EI-Mirkat'ta şöyle denilmektedir: 'Dokunmanın abdesti bozduğunu söyleyen sahabilerin hadisleri mevkuftur. Merfu' hükmünde değildir. Ayrıca bunların kavli istihbaba yorumlanabilir. Müctehid kimse sahabilerin sözlerinden dilediğini seçebilir. Üstelik dokunmayla abdestin bozulmadığı Hz. Aişe'nin hadisinde geçtiği gibi Resulullah (s.a.v.)'den sabittir.'

 

-----------

Mirkat sahibinin söz ettiği Aişe r.anha hadisleri yukarıda geçti. Bu hadislerin bazısı şiddetli zayıflık bazıları ise dokunmanın çıplak ten'e mi yoksa giysiyemi olduğunu açıklamıyor. Ayrıca merfuluk kavli değil yine bir sahabi olan Aişe r.anha aracılığıyla açıklama gerektiren takriri ve fiili hadislerdir. Ayet açık iken, dört mezhebin üç'ü 'dokunmak bozar' dediği halde bu kadar zayıf delil ile abdestini fedaya hazır olmak büyük cesaret.

-----------

 

ŞEHVETLE DOKUNMANIN ABDESTİ BOZDUĞUNU SÖYLEYENLER :

 

Malik, Leys bin Sa'd ve rivayetlerinin birisinde Ahmed (r.a.) şöyle demişlerdir: «Kadınlara dokunmaya ait ayet-i kerime ve hadisler arasında görülen zahiri ihtilafı kaldırmak için kadına dokunma şehvetle olursa abdesti bozar, şehvetsiz olursa bozmaz. Ayet-i kerimedeki Lems,., şehvetle dokunmaya yorumlanır. Hadislerdeki "Lems» ise,şehvetsiz dokunmaya yorumlanır. Nitekim Resulullah (s.a.v.) namazda iken ve Mevlasına yönelmiş bir halde Hz. Aişe'ye vaki olan Lems'i elbette şehvetsiz olmuştur. Resul-i Ekrem (s.a.v.)'in, hanımlarından birisini öptükten sonra abdest almadan namaza çıktığına dair Hz. Aşşe r.anha'nın diğer hadisine gelince; bu olayın söz konusu ayetin inişinden önce olması muhtemeldir.

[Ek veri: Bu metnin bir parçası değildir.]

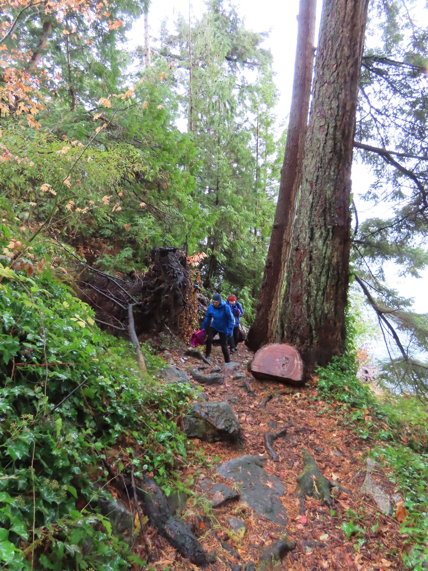 From here it was a brief walk up the road to where we entered Lighthouse Park for a final climb through the woods to our destination, the parking lot at Lighthouse Park. The final stretch proved to be a little more challenging than anticipated due to a number of fallen trees – the aftermath of the recent high winds.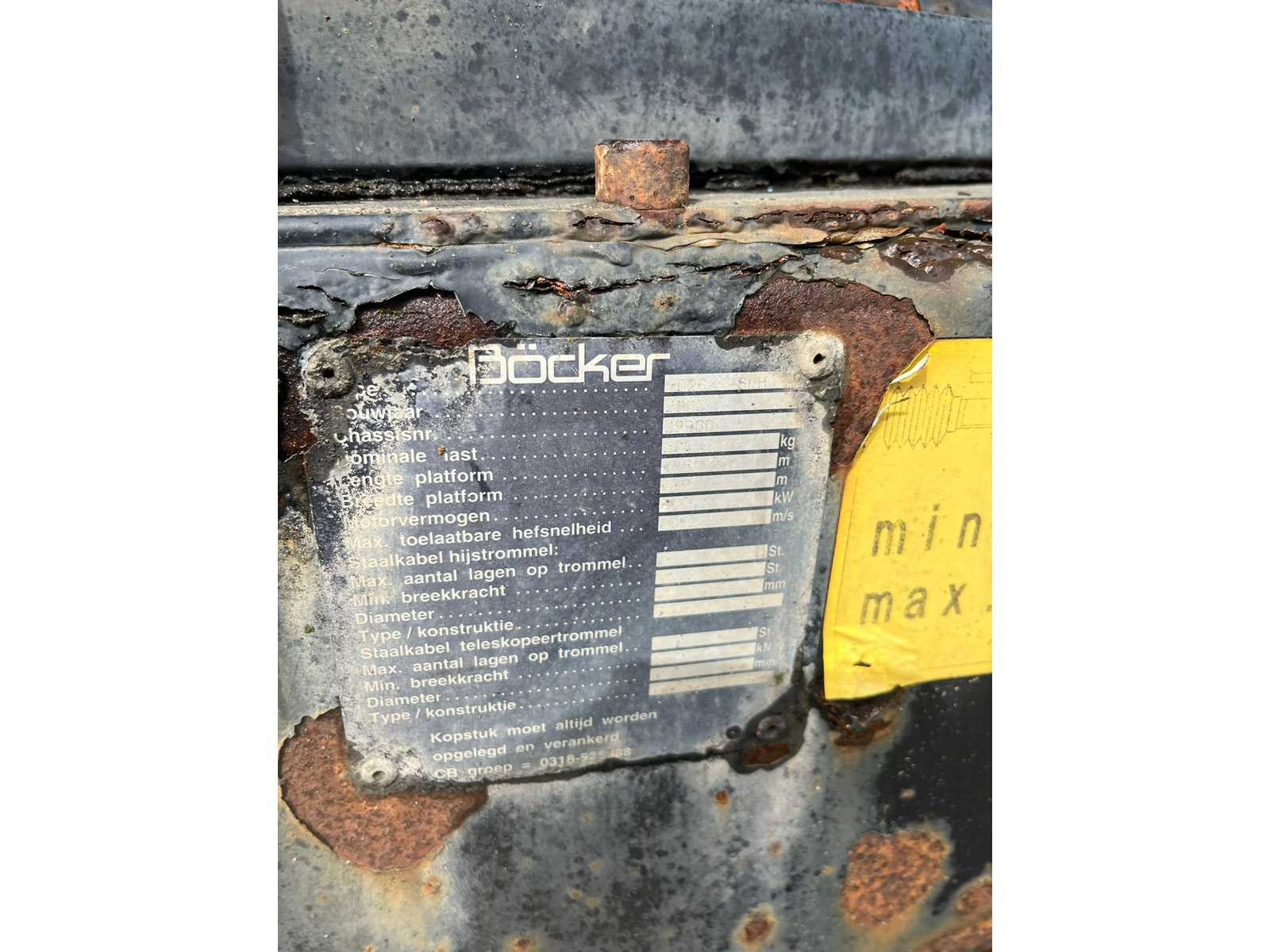 Bocker hd26/1-6lh 26 mtr 300 kg Met kenteken Honda gx360 elektrisch gestart watergekoeld ( staat al een paar jaar stil) Afstand bediening Laadbak in delen neerklabaar en draaibaar Bezichtiging alleen op afspraak Nee Merk: Bocker Type: HD26/1-6LH 26m Max. platformhoogte: 26m Max. belasting: 300kg Merk motor: Honda GX360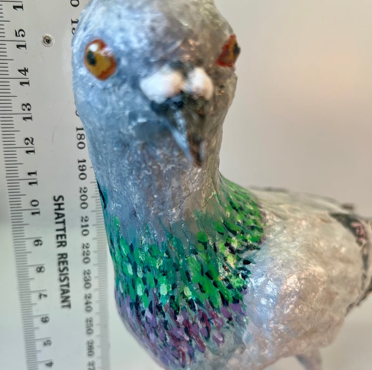 Roughly life-sized, the pigeon stand at approximately 17cm tall and is approximately 25cm from head to tail.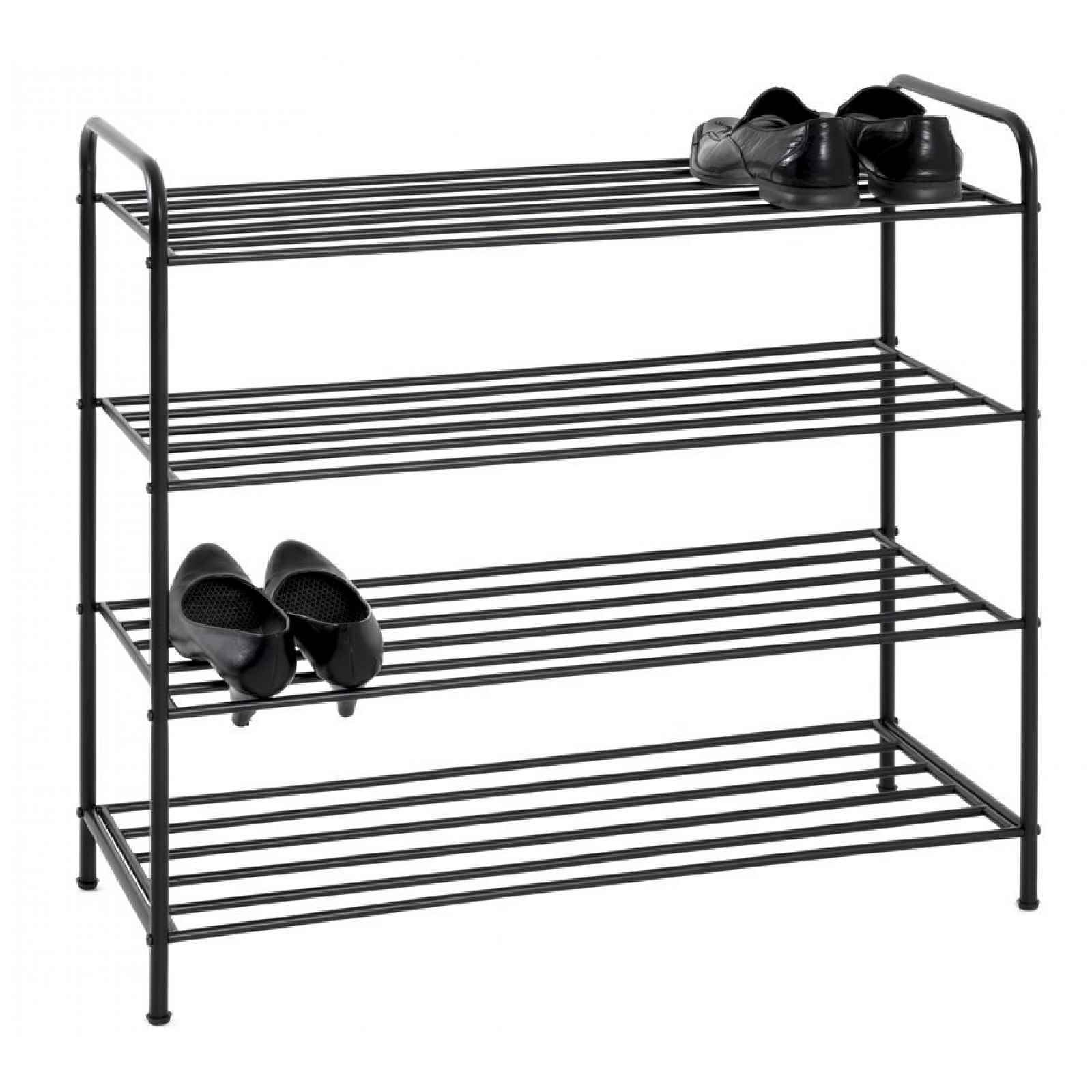 Černý kovový regál na boty se svým univerzálním designem hodí do moderní i klasické předsíně. Regálový botník nabízí 4 police pro odkládání až 16 párů bot. - konstrukce: kov - povrchová úprava: černý lak - 4 x police - kapacita až 16 párů bot - dodáváno v demontu
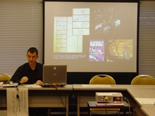 講師を務めたのは,昨年秋,日仏博士課程コンソーシアム交換留学生として来日し,以来,法政大学国際日本学研究所客員学術研究員として,「手塚治虫の映像作品と,それの映画書法(エクリチュール)への影響」と題された博士論文を準備する1年を過ごしたサミュエル・カクゾロフスキー氏(トゥールーズ第2大学)である.この勉強会は,離日を前にした氏の1年間の手塚研究の成果発表会も兼ねるものともなった.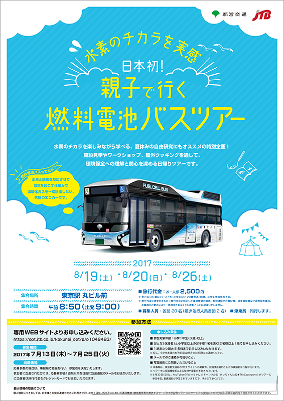 As part of its "PROJECT TOEI" information dissemination initiative for metropolitan transportation, the Tokyo Metropolitan Bureau of Transportation will collaborate with JTB Domestic Travel Planning to conduct the "Experience the Power of Hydrogen! Parent-Child Fuel Cell Bus Tour" on August 19, 20, and 26. This tour using fuel cell buses marks Japan's first attempt at a packaged tour of this kind.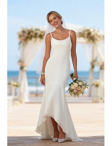 Trumpetti merenneito Epäsymmetrinen Valkoinen mekko Häämekot Morsiuspuvut Hääpuku Valkoiset pikkumekot Hihaton Laskostettu kaulus valmistuminen Syntymäpäivä kanssa Laskokset Solid Color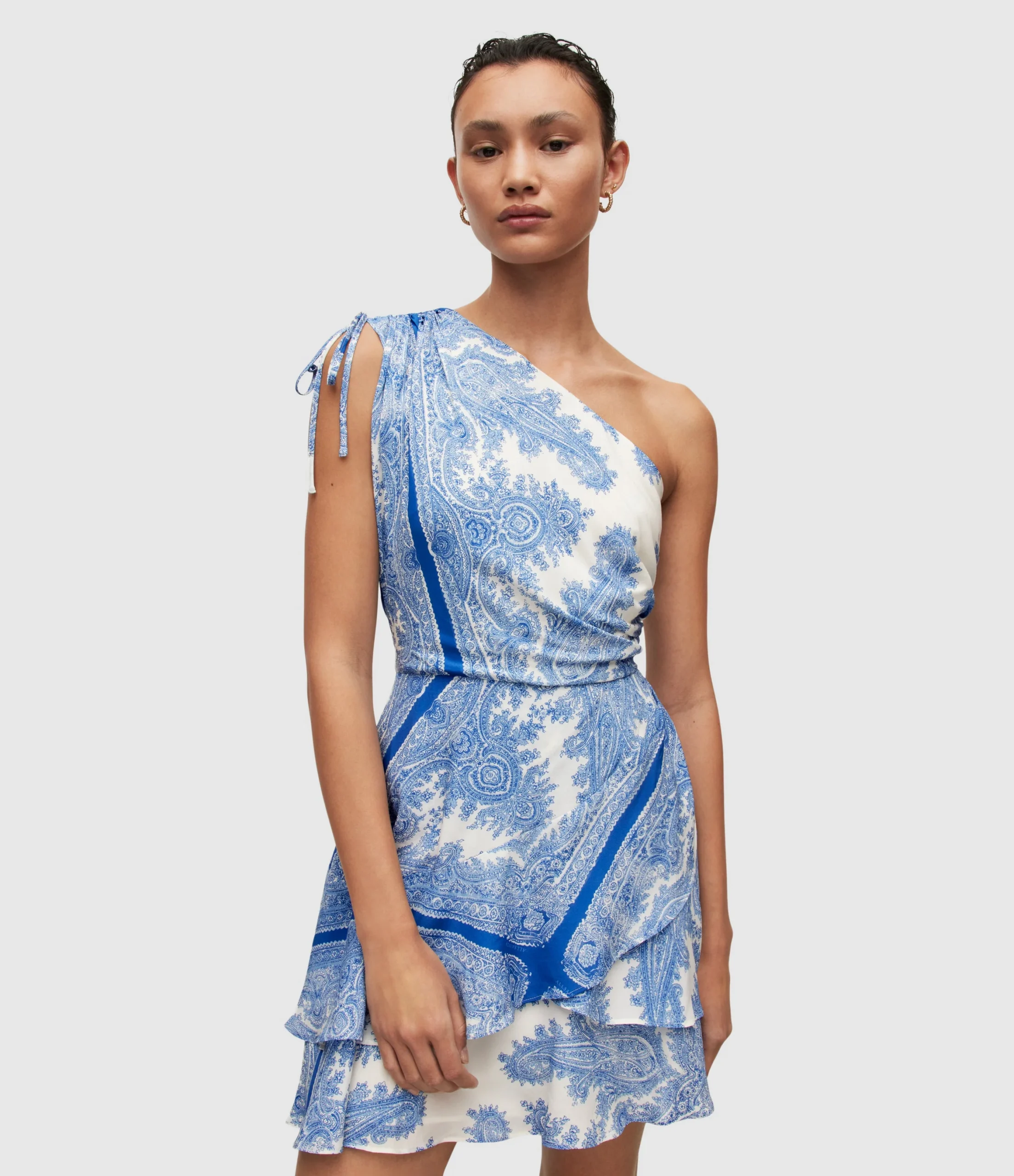 Vestido Cayla Rafaela Azul Medio para mujer, marca AllSaints. COMPOSICIÓN Y LAVADO: Consultar etiqueta interna.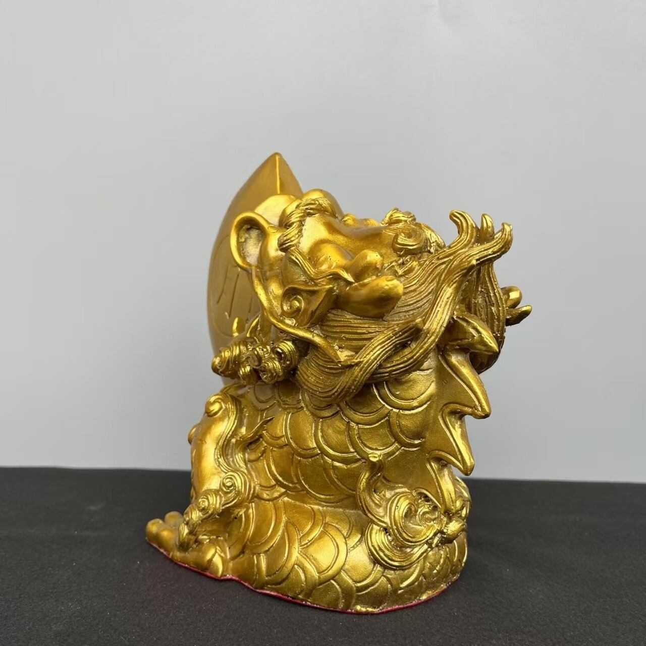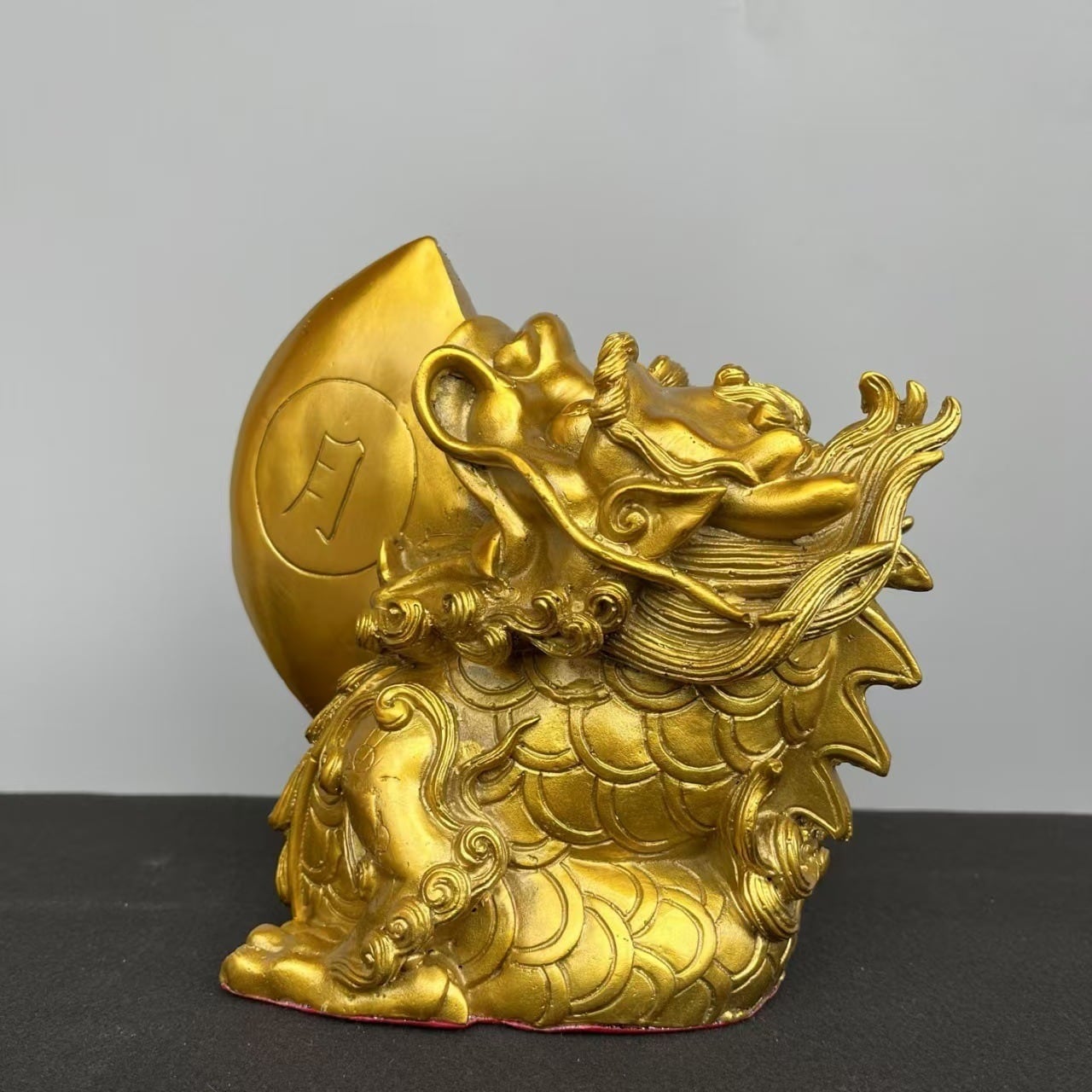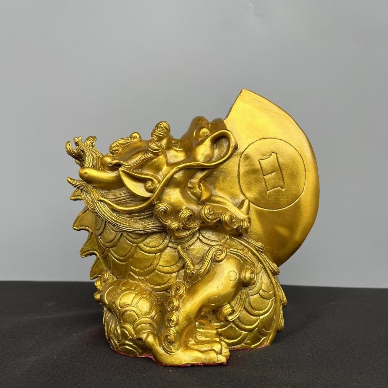 この作品は、美しいゴールドの色調と重厚な銅製の質感が融合した、存在感のある逸品です。風水では、睚眦は財産を守り、悪意や妨げから持ち主を遠ざけるとされており、商売繁盛や人間関係の改善を願う人々に好まれてきました。デスクや玄関、仕事場などに飾ることで、集中力と自信を引き出す助けになるとも言われています。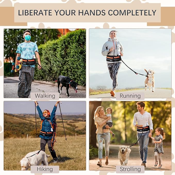 - Versatile and Multi-functional: Whether you're training, hiking, jogging, or simply going for a walk, our hands-free dog leash is an excellent tool for obedience training or teaching your dog new tricks. It serves as a reliable double handle bungee leash, allowing you to have control over your dog's movements and reward their good behavior.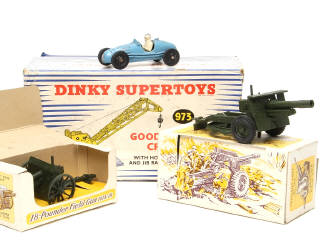 états de 'A' à 'C' - comprend : GORDINI 2.5L (sans boîte), canon de 18 pouces & 25 pouces (sans obus) - on y joint une boîte vide (référence 973 en état 'c') de la marque DINKY TOYS GB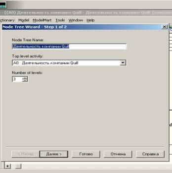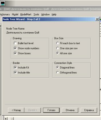 В диалоге Node Tree Definition следует указать глубину дерева — Number of Levels (по умолчанию — 3) и корень дерева (по умолчанию — родительская работа текущей диаграммы). По умолчанию нижний уровень декомпозиции показывается в виде списка, остальные работы — в виде прямоугольников. Для отображения всего дерева в виде прямоугольников следует выключить опцию Bullet Last Level. При создании дерева узлов следует указать имя диаграммы, поскольку, если в нескольких диаграммах в качестве корня на дереве узлов использовать одну и ту же работу, все эти диаграммы получат одинаковый номер (номер узла + постфикс N, например AON) и в списке открытых диаграмм (пункт меню Window) их можно будет различить только по имени.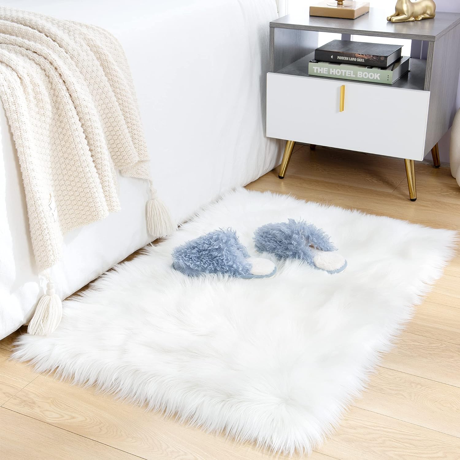 - Super Soft Faux Fur Rug : Our upgraded bedroom rugs are made of high quality and durable faux sheepskin fur.Super thick and soft to the touch gives our fuzzy rugs a super fluffy feel.2.8" pile height gives you a comfortable and warm cushion on cold floors or your hard chair.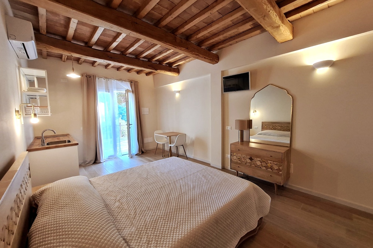 Il bilocale nasce dalla suddivisione di un ampio appartamento situato al primo piano di un complesso di terratetti a Rio Marina, distante 1km dal porto del paese. L'ingresso è indipendente dall'appartamento gemello. Al suo interno un'ampia camera matrimoniale, con la possibilità di ospitare fino ad un massimo di 3 persone aggiungendo un letto supplementare (previo avviso al momento della prenotazione); un bagno ed una zona giorno/cucina dotata di una terrazza abitabile.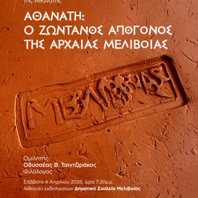 Την πολιτιστική και ιστορική διαδρομή της Μελιβοίας θα παρουσιάσει σε ειδική εκδήλωση ο φιλόλογος Οδυσσέας Τσιντζιράκος το Σάββατο του Λαζάρου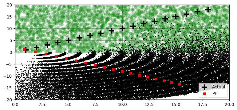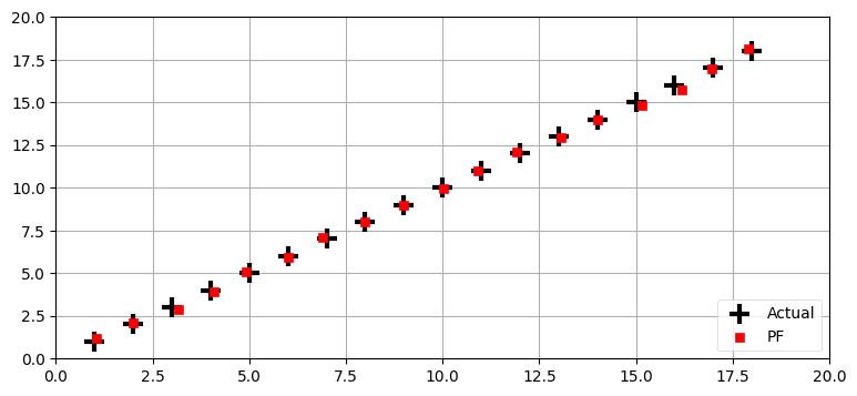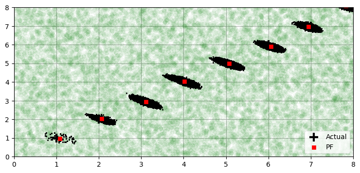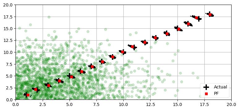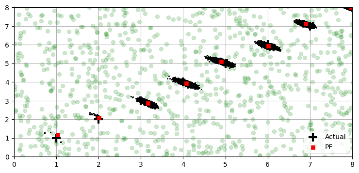 このナイーブなアルゴリズムには克服しなければならない実際的な困難があるものの、一般的なアイデアはこの通りである。一つ例を示そう。UKF と UKF の章で考えたロボットの自己位置推定問題を解く粒子フィルタの実行結果を次に示す。ロボットに対する旋回角と速度の制御入力は一定に設定して、ロボットから見えるランドマークへの距離を観測値とした。またセンサーと制御機構の両方にノイズがあり、ロボットの位置を追跡すると仮定してある。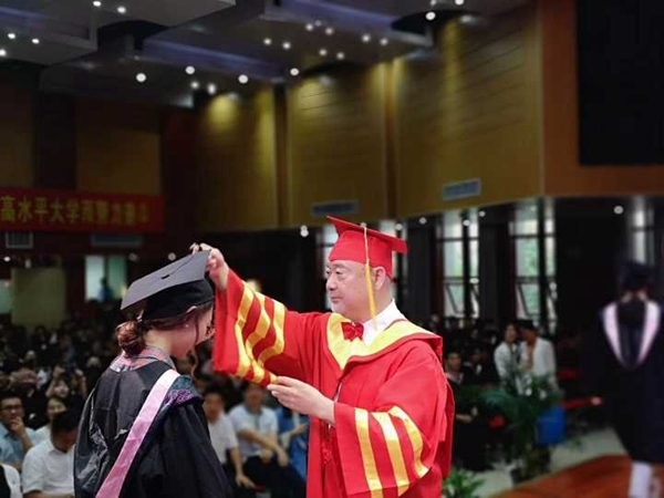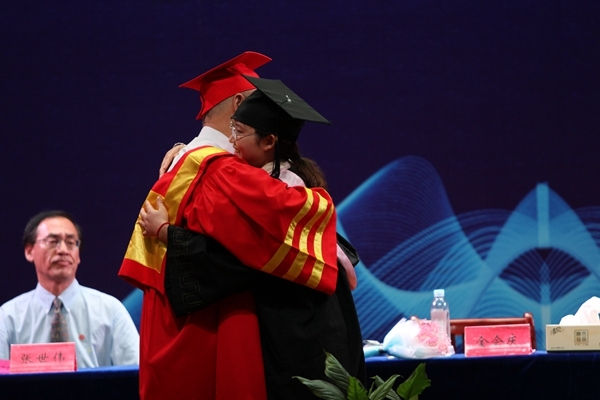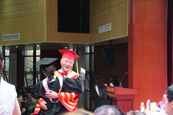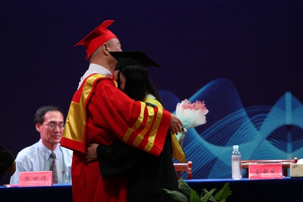 讲话结束后,金会庆校长移步台前为3600余名本科毕业生一 一拨正流苏,同学们纷纷与校长或握手,或拥抱,或合影,以表达对金校长的敬仰和毕业的欣喜之情。金校长的身体力行,更是生动诠释了“以生为本”的深刻要义和执着坚持。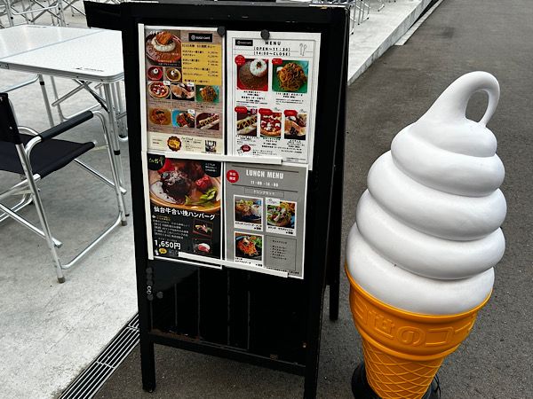 カレーやピザ、パスタ、ハンバーグなど、食事メニューも美味しそうなものばかりです。 ソフトクリームも気になる〜。

Malik ve Şafii'ye göre. dokunan ve dokunulanın abdesti bozulur. Davud ise: Dokunulanın abdesti bozulmaz demiştir.

 

EI-Menhel yazarı alimlerin mezkur görüşlerini yukarda anlatıldığı gibi naklettikten sonra şöyle söyler: Hulasa kadına dokunmanın abdesti bozup bozmadığı hususunda Alimler arasında ihtilaf vardır.

 

HANEFİ VE ŞAFii MEZHEBLERİNE GÖRE ABDESTİ BOZAN DOKUNMA

 

1)- Hanefi mezhebine göre, fahiş mübaşeret (aşırı dokunma) abdesti bozar. Şöyle ki : Erkekle kadın çıplak veya pek ince bir hail ile"karınlarını veya münteşir bulunan tenasül uzuvlarını birbirine temas. ettirmeleri abdestlerini bozar, kendilerinden bir mayi çıkmasa. bile hüküm budur. İmam Muhammed'e göre bu durumda bir ıslaklık, bir mezi çıkmadıkça abdest bozulmuş olmaz.

 

2}- Şafii mezhebine göre, bir erkeğin namahrem olup yedi yaşına girmiş veya daha büyük yaşta olan kız veya kadına vücutlarının her hangi bir yerini çıplak olarak bir birine dokunması halinde iki tarafın abdesti bozulur. Erkeğin mahremi olan anası, halası, teyzesi gibi bir kadına dokunması abdesti bozmaz. Keza, yedi yaşından küçük bir kıza dokunmak da abdesti bozmaz. Diş, tırnak ve saça dokunmak veya dokunulan ile dokunandan birisinin örtülü yerine dokunmak abdesti bozmaz.